Денни послала пачку сигарет вдоль стола и пошла к плите. Взяла с полки коробку с чаем и открыла крышку заварочного чайничка.
— Понедельник, среда, пятница. В эти дни я вожу товары на рынок. А на что, ты думаешь, я живу?
Она редко ездила на рынок по средам. Цены по средам — слишком низкие. Но знать ему об этом не за чем.
— Завтра ты никуда не поедешь, — припечатал он. Денни принесла чайничек на стол. Джек Смит оставил ружье в покое, но дуло развернул в ее сторону.
— Ладно, — спокойно согласилась девушка и начала разливать чай. — Нет так нет, как скажешь. — Она поставила чашку с блюдцем на центр стола, куда он вполне мог дотянуться, и поглядела на него в упор своими иссиня-фиалковыми глазами. — А как нам быть с сигаретами?
— Я вполне могу обойтись.
— А я не могу. Надо бы поаккуратнее с теми, что остались. — Она села, придвинула к себе свою чашку с блюдечком, прикурила и водрузила локти на стол. — Расскажи про своего брата.
— Что ты хочешь знать про моего близнеца? — подозрительно прищурился Джек Смит.
— Он и по характеру на тебя похож? Его тоже выкидывали из школ?
Он прислонил ружье к столу и придвинул к себе чашку с чаем.
— В точку. С ним так же, как со мной, обращались. Только он еще хуже меня был. Ужасные вещи делал. А я всегда прикрывал его. Вонючий ублюдок, вот кем был мой брат.
— Был? Он что, умер?
— Нет, не умер. Еще как жив. — Джек Смит внезапно поднял глаза, словно хотел бросить ей взглядом вызов. — Я и сейчас его прикрываю, — заявил он, уставившись на Денни, будто хотел понять, верит она ему или нет.

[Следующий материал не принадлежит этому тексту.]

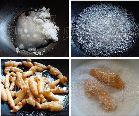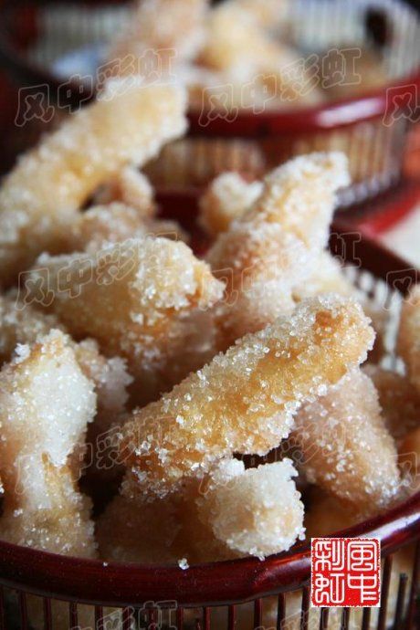 **************** 江米条 ******************** 材料: 糯米粉(即江米粉)..........1斤 水..........................6-7两 麦芽糖......................3两 装饰用砂糖.................少许 做法: 1、将麦芽糖倒入水中混合,倒入锅中烧开 2、糖水沸腾后,倒入2/3的糯米粉,和均匀 3、离火,再加入剩余的1/3生糯米粉,和成面团 4、将面团擀成厚片,切成约1厘米宽的长条,分别搓成约筷子粗的圆棍,再切成小段 5、准备炸:在锅中放置一个漏勺可防沾连 6、小面条凉油下锅,随着油温慢慢升高,小面条会慢慢浮起,用漏勺轻轻翻动,过程中油温不能太热,不要超过120度 7、炸至面条呈金黄色即可捞出控油,约12-15分钟(可以晾凉后直接吃) 8、表面沾糖:锅中倒入小半碗水,再倒入约等量的白糖,煮至糖水起大泡泡,略黏稠 9、将炸好的江米条放入糖水中均匀地沾上糖液,再放入白砂糖或椰蓉中滚一滚,沾满糖 10、待糖晾干即可(高糖食品,不要一次吃太多哦)
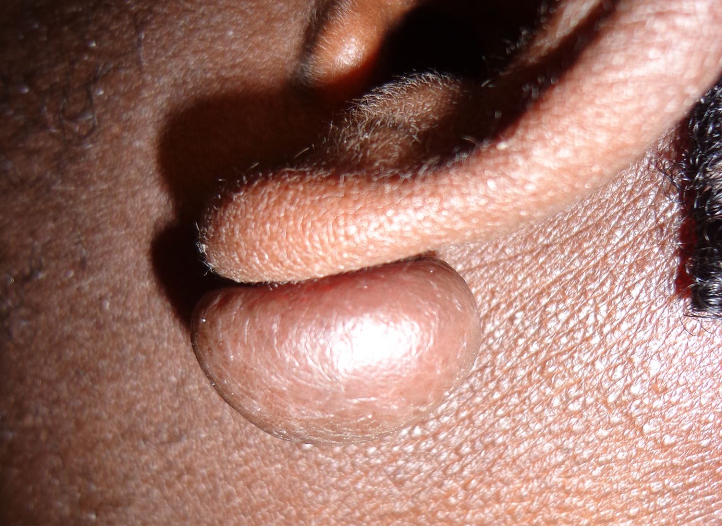 Ein 18-jähriger Westafrikaner hatte in der linken dorsalen Ohrläppchenregion eine Gewebevermehrung bemerkt, die mit der Zeit immer größer geworden war. Als sie etwa auf die Größe einer Kirsche angewachsen war, kam er zur Abklärung in die Hautklinik.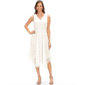 Just Taylor White Lace Handkerchief Hem Midi Dress Size 12 Wedding Bride Mother
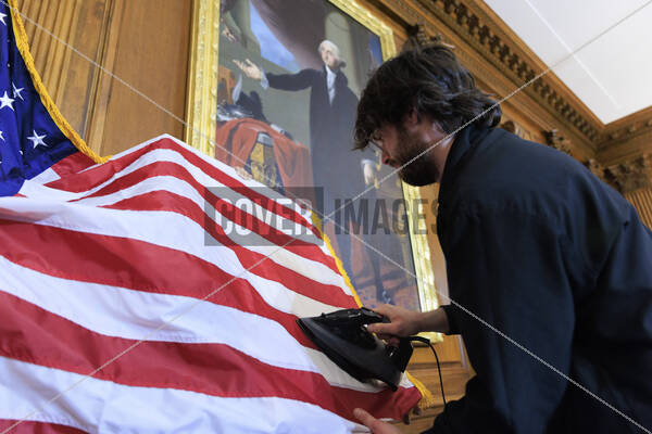 A staff member irons the American flag outside the Opening of the 119th Congress in the House Chambers of the Capitol Building in Washington DC on Friday, January 3, 2025. Republicans re-elected Mike Johnson to Speaker of the House after conservative holdouts changed their votes to Johnson.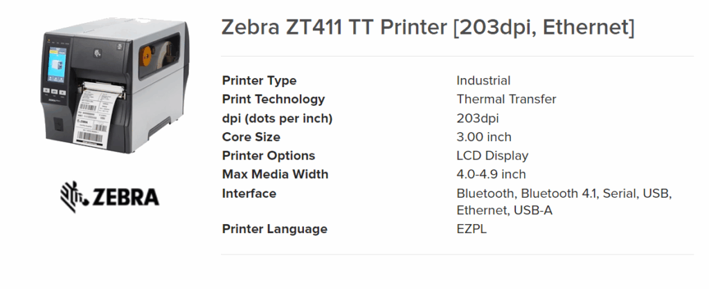 Zebra’s ZT411 Series printers address a broad array of applications throughout manufacturing, transportation and logistics, retail and more: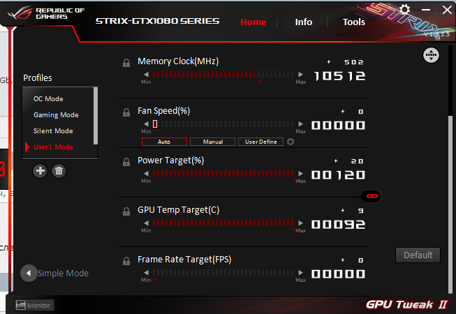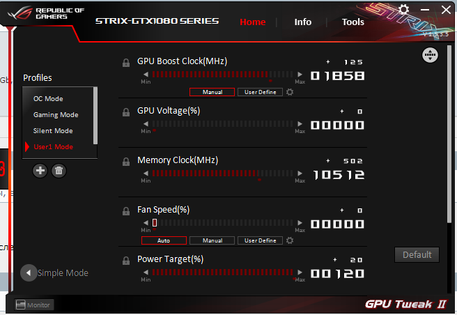 Взял старую 1080 стрикс от асус, по сравнению с охладом от msi gaming x 980 отличается шумом вентиляторов, звук не приятный становится уже свыше 1400 об. Сделал вообщем на постоянку 35% 1250об, включение при 56 градусов отключение при 45, температура в бф4 fhd 200% держалась 75 градусов ну и мини разгон 2000 по чипу и накинул +500 к памяти, вообщем не слышно её стало шум у msi gaming x более приятный на взлёте чем у асус.. На авто оборотах вообще набирает 1700 оборотов и режет уши)))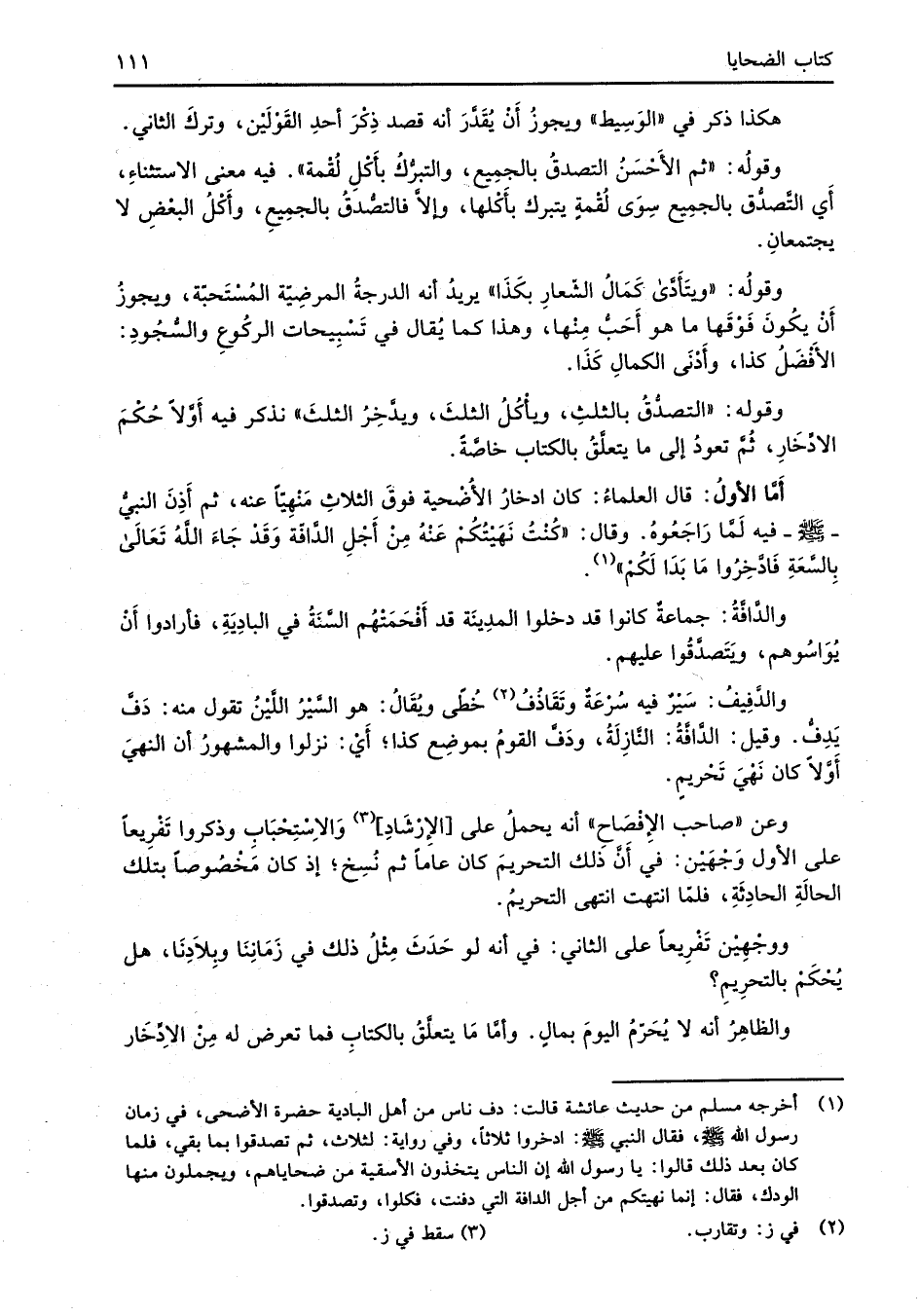 (¬1) أخرجه مسلم من حديث عائشة قالت: دف ناس من أهل البادية حضرة الأضحى، في زمان رسول الله -صلى الله عليه وسلم-، فقال النبي -صلى الله عليه وسلم-: ادخروا ثلاثاً، وفي رواية: لثلاث، ثم تصدقوا بما بقي، فلما كان بعد ذلك قالوا: يا رسول الله إن الناس يتخذون الأسقية من ضحاياهم، ويجملون منها الودك، فقال: إنما نهيتكم من أجل الدافة التي دفنت، فكلوا، وتصدقوا.

Денни сама не знала, верить или не верить. Кстати, что там с этим шрамом на подбородке? Она никак не могла его разглядеть. Джек Смит ни разу не поднял подбородка так, чтобы свет упал на него. Может, его подбородок казался таким безвольным именно по этой причине — потому что он постоянно прятал его в ворот рубашки? Может, у Джека Смита и нет никакого шрама? Да все, что угодно, может быть. Денни хотелось дожить до того момента, когда она узнает всю правду про Джека Смита и его брата-близнеца.
— Продолжай. — Она сделала глоток и затянулась сигаретой.
— Он почти всю свою жизнь провел в колонии. И в камере. То на воле, то в камере, и так постоянно. Такой уж он, этот парень.
— А за что его все время сажали? Он действительно такой испорченный? Или на него просто вешали чужие дела? Как, например, этот взлом в Мундиджонге. И угон машины в Читтеринге…
— Нет, он и вправду много чего натворил. Много чего. Он плохой малый. Но я все равно прикрывал его. Он ведь мой брат, правда?
Денни кивнула. Джек Смит снова вошел в образ гангстера.
— А какое из его преступлений самое тяжкое? — спросила Денни. Как только до нее дошел смысл собственного вопроса, сердце чуть не вырвалось из груди. И зачем она только задала его! Он приведет их к запретной теме, той, которой надо всеми возможными способами избежать, — к убийству, настоящему убийству, а не газетному варианту о насильственной смерти в спальне маленького домика на побережье.
Но Джек Смит и бровью не повел. Он выпустил клуб сигаретного дыма в сторону лампочки на потолке и спокойно сказал:
— Убийство, которое произошло на днях. То самое, на Западном побережье. Это его рук дело.
— Господи боже ты мой! — воскликнула Денни. — Как он дошел до этого?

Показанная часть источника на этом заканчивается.